The Hindu caretakers of Gijjhakuta platform insisted I remove my shoes before walking closer to the footings of the ruins of a small kuti (cottage). I did so but wondered about the difference in protocol between Buddhists and Hindus. When I visited museums displaying the relics of Gotama Buddha there was no requirement to remove shoes. In my mind, the relics were infinitely more worthy of respect and veneration. I spontaneously removed my shoes when close to the relics in the museums. It felt unnatural to do so while walking around on the Gijjhakuta platform.

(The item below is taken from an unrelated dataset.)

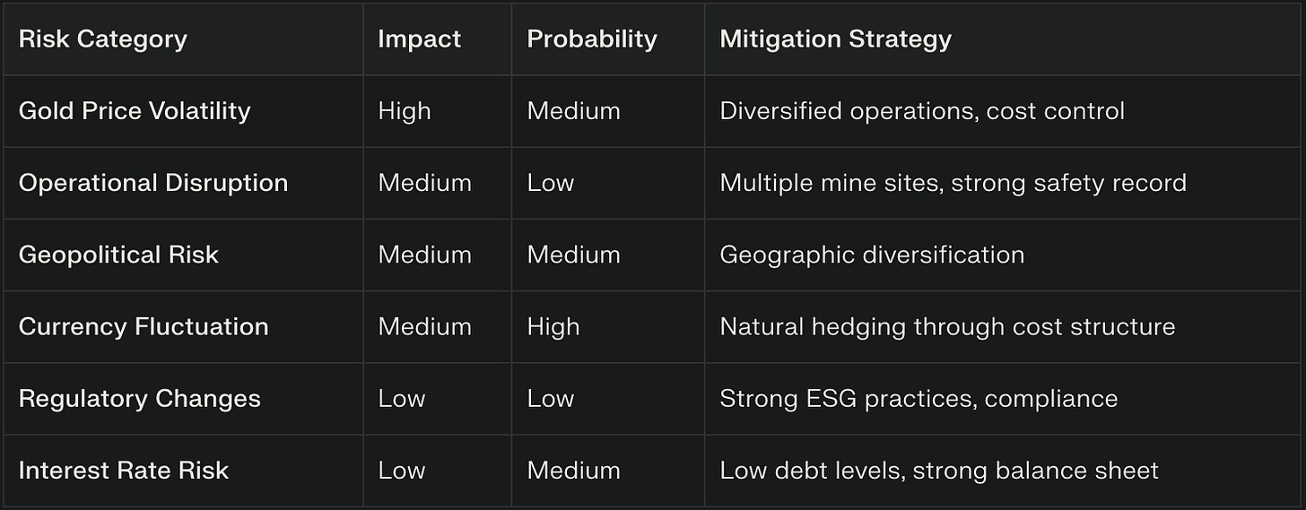 Operational & Jurisdictional Risks: Mining is a tough business. Equipment fails, and operating in different countries brings political and regulatory uncertainty.

ABOVE: One of the platforms at Gijjhakuta, Rajgir, Bihar, India. This location has the remains of several kutis used by ascetics in the past 2500 years. This location in the photo had the most ribbons, gold film, scarves, candles and incense etc. That doesn’t necessarily mean it was the precise location of Lord Buddha’s kuti. The local men were there to sell water, incense and other paraphernalia.
On the way down from Gijjhakuta, I bought a grape fruit from a stall at the side of the path. I will eat it for breakfast tomorrow morning before leaving the hotel for my early taxi ride to Gaya to catch the train to Varanasi/Sarnath. Then we drove back along the side road toward the main Rajgir-Gaya road. We stopped again briefly to look at Jivakambavana (Jivaka’s Mango Grove). The site was similar to the nearby Bimbisara’s Goal site. I doubt the brick footings on site were genuine. They also seemed to have been recently laid. The last place we saw was Kalasila. I took photos of the old walls on Sona Hill (once known as Isigili (translated as “Gulf of Seers”). In this area, Maha Moggalana Thera is supposed to have been assassinated.

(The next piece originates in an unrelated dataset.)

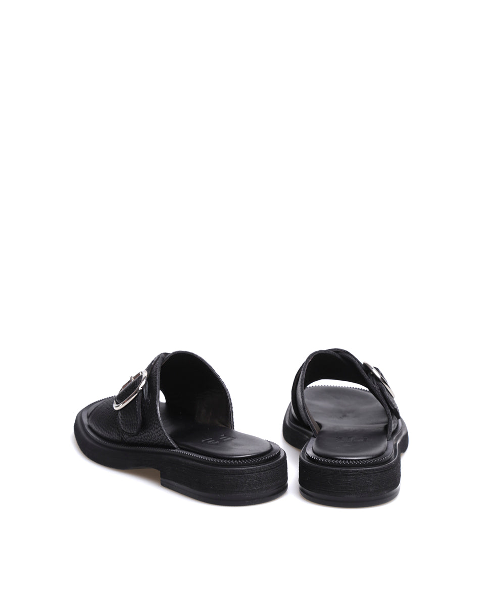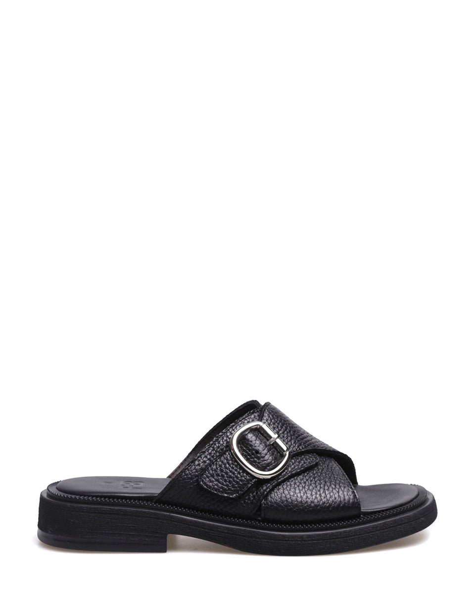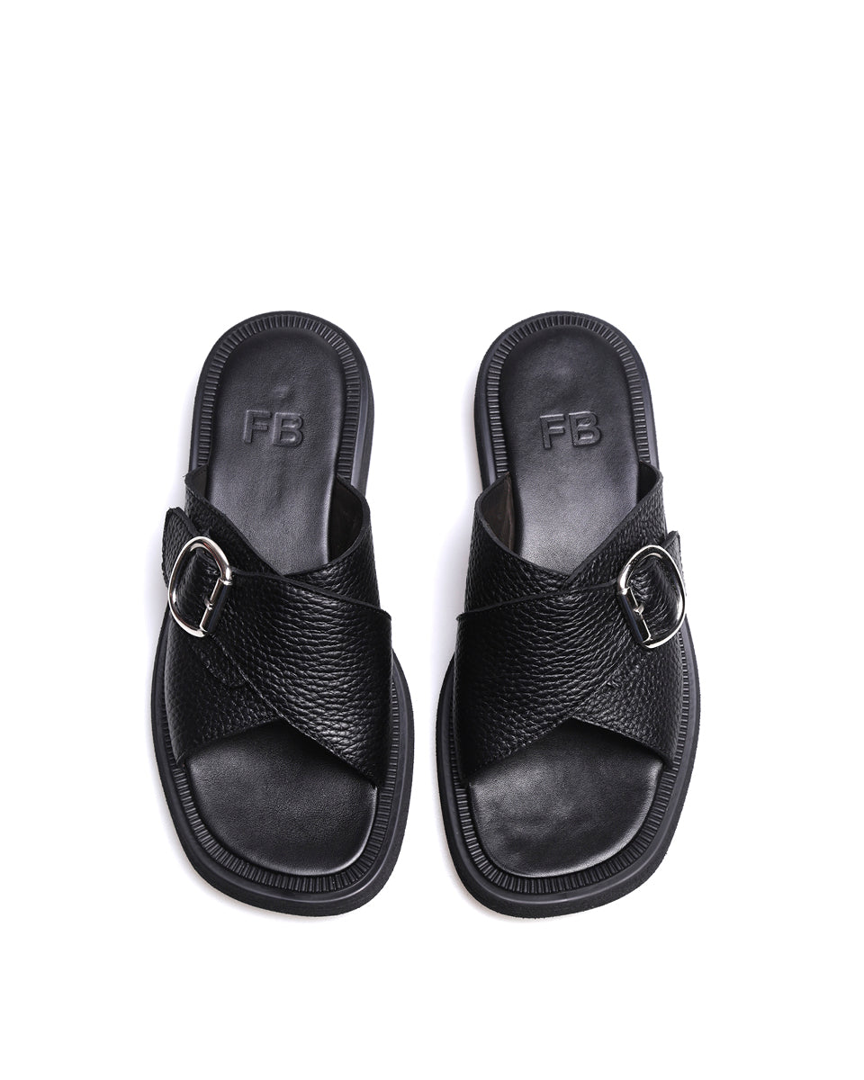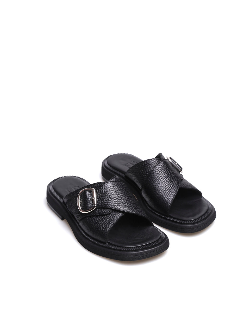 TAURO es una sandalia de calce directo con base de goma flexible y puntera suavemente cuadrada. Sus dos tiras se cruzan en el empeine formando una faja con una hebilla plateada de gran presencia. Un diseño práctico y cómodo, con un detalle distintivo que suma carácter a cualquier look.

Sarnath (known as Isipitaana at the time of Lord Buddha) is where the Buddha gave his first discourse after enlightenment at Bodhgaya and converted 5 wanderers to Buddhism. After one or two days at Sarnath, I will go to Kushinigar (known as Kusinaaraa at the time of Lord Buddha) where the Buddha passed away and may spend one night there before travelling on to Lumbini/Nepal (the birthplace of the Buddha).
I will try to join a meditation retreat there led by Ven. Pa Auk Sayadaw. I’m not sure if I can join or not. If not, then I’ll go south again, maybe to 2-3 more Buddhist places, more west of the previous places but not as far west as New Delhi. Then I’ll probably fly down to Colombo/Sri Lanka to retreat at Na Uyana Monastery.

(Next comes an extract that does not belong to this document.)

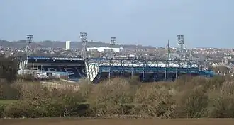 During the 1950s and 1960s, new housing estates were built north-west of the town.[31] This was followed by the redevelopment of the town centre in the 1960s and 1970s, which destroyed much of the old high street.[17][32] There was speculation that the town's population could increase to around 55–60,000 by 1970.[31] This did not happen: a decline in the linoleum industry in the mid-1960s led to a decrease in population, from a peak of 53,750 in 1961 to 47,962 in 1981.[10][31]

I researched this trip by reading English translations of the suttas in the Paali Tipitaka and Ven. S. Dhammika’s Middle Land, Middle Way. I recommend pilgrims obtain this book well before beginning their journey to northern India. I also read Ven. S. Dhammika’s abridged version with notes on accommodation and transport on Buddhanet.net. I downloaded this and have stored it on my Cowon MP3 player for ease of transport and access. Other useful references are the Lonely Planet guide to India and the Rough Guide to India. I have also read many relevant articles on Wikipedia.
I have many photos which I’ll try to post on this blog soon. I’m usually tired every day. The noise, dust and germs are getting to me. I need 8 hours sleep now whereas before I could manage on 5-6 hours a day. After Rajgir, I feel as though I may be getting a cold. I may rest longer in Sarnath to recover quickly.